I was still exercising plenty – running at least 30 miles per week in that time, in addition to a couple of BJJ sessions. I just happen to have a better appetite.

All of this has made me think – is the value in the “quantified self” movement that people are explicitly going out of their way to measure and observe things that they would like to optimise? If we were able to get these metrics at any point without installing apps, or buying devices, or just plain writing them in spreadsheets, would this value disappear? Beyond being able to say “oh, I’m fat because I do little exercise and eat too many calories” (unlike all of those other fat people), why is a graph such a motivator?

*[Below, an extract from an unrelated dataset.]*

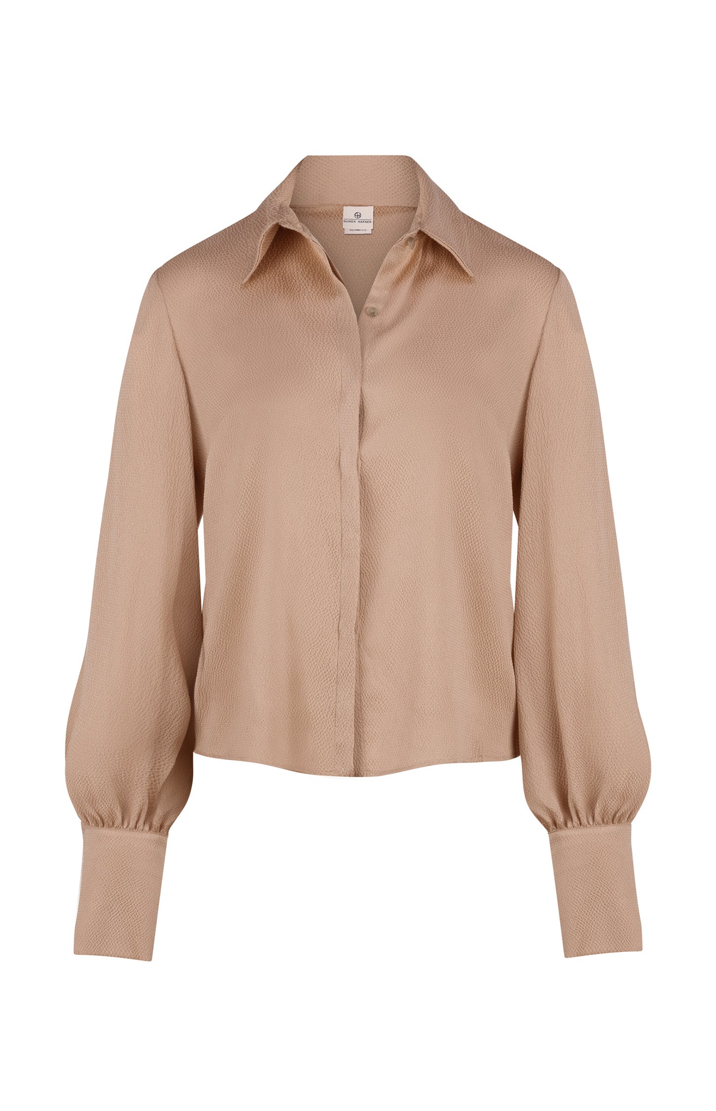 The soft hue and wide collar add an elegant touch, while the concealed buttons to the front provide a subtle yet stylish detail. Wide cuffs create a unique twist on the classic everyday shirt, adding a touch of sophistication to any outfit.
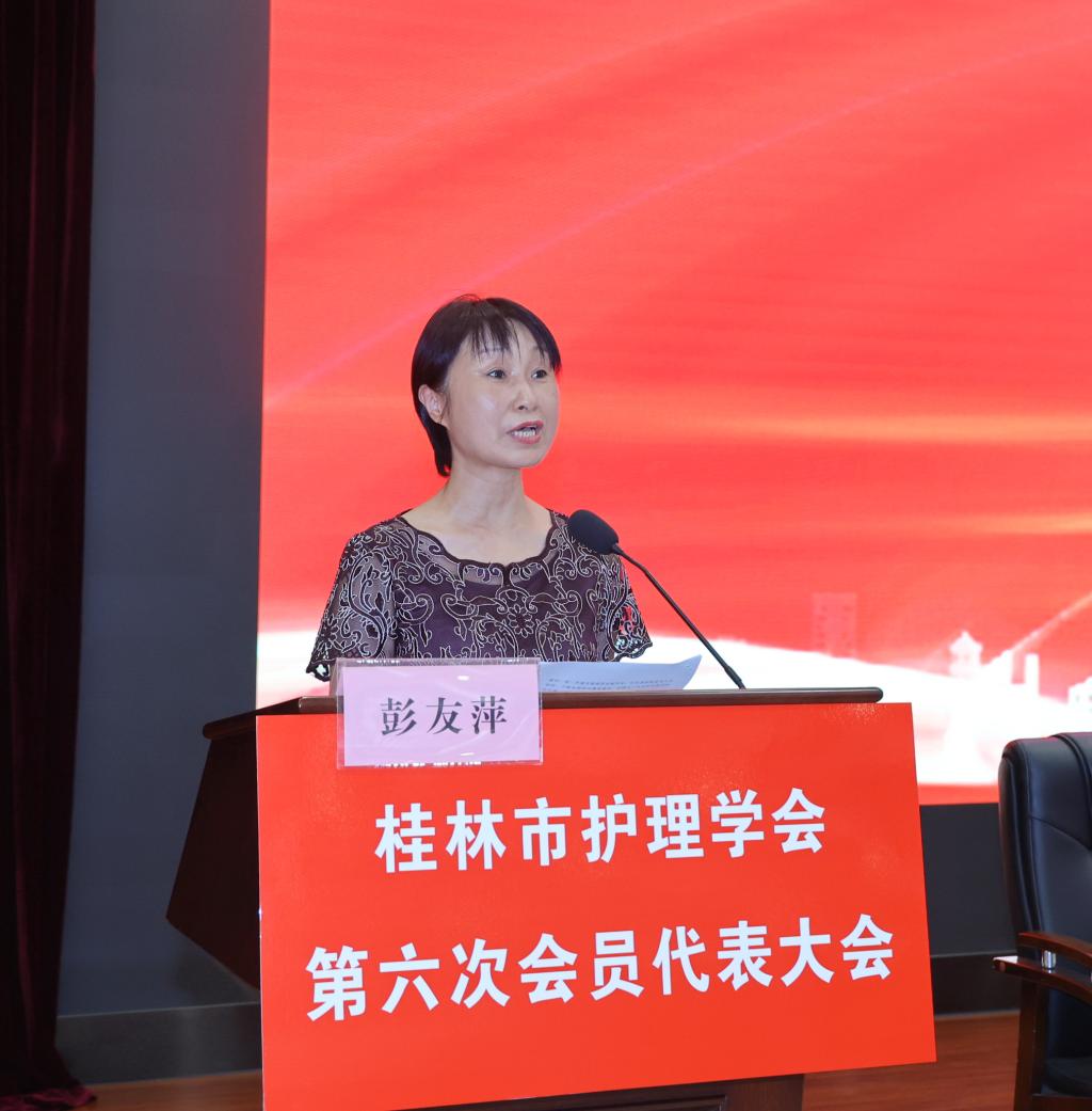 桂林市科协副主席彭友萍致辞。她表示,桂林市护理学会成立以来,在举办学术交流、组织继续教育培训、开展卫生宣教和科学普及、推广创新方法等方面做了大量卓有成效的工作,在联系政府、医疗机构、护士、企业之间起到了良好的桥梁和纽带作用。对做好新形势下的学会工作,她提出了四点希望:一是坚持党建强会,团结引领广大会员坚定不移听党话、跟党走。二是坚持学术立会,搭建高水平交流平台服务经济社会发展。三是坚持服务兴会,助力行业发展。四是加强自身建设,增强服务能力,努力建设一流学会。她期待新一届理事会班子,能够继续团结凝聚好广大护理科技工作者,不忘初心、开拓创新、锐意进取,推动我市护理事业再上新台阶。桂林市科协也将站在学习贯彻好党的二十大精神、落实科协“四服务”职能的高度,发挥好党和政府联系科技工作者桥梁纽带的作用,做好相关协调、服务,为学会创新发展履行好业务主管单位职责。

I understand that the whole thing is more faceted than “MAKE THE GRAPH GO BIGGER” – there is accountability (to both the tech and other people), QS allows you to find patterns and correlations in the data that you might not have otherwise noticed, as well as a billion other reasons for its existence. It can’t be a coincidence that the latest Apple and Samsung products have a “health & fitness” spin on them.

I should note here that I’ve not touched this post since March. The above feelings remain true, but I am a flip-flopper. Picking it back up again in mid-June:

Since I started writing this post, I am once again measuring stuff. I want to lose weight (again) because the metaphorical yoyo has retouched the hand. I’m measuring my calorie intake on MyFitnessPal, and that hooks up passively with Endomondo to measure what I’m burning.

But my reservations about QS and “Quantified Fatigue” stand – measuring everything explicitly is too difficult, and I’m concerned about how useful implicit & ubiquitous measurement would be after the fact. There’s no real conclusion here – implicit & ubiquitous doesn’t exist, it remains to see how iOS8 & the S5 will perform in this area, and I’m likely to lose a bunch of weight, get bored and put it all back on again. I just figured it was about time I did some writing here, terrible or otherwise.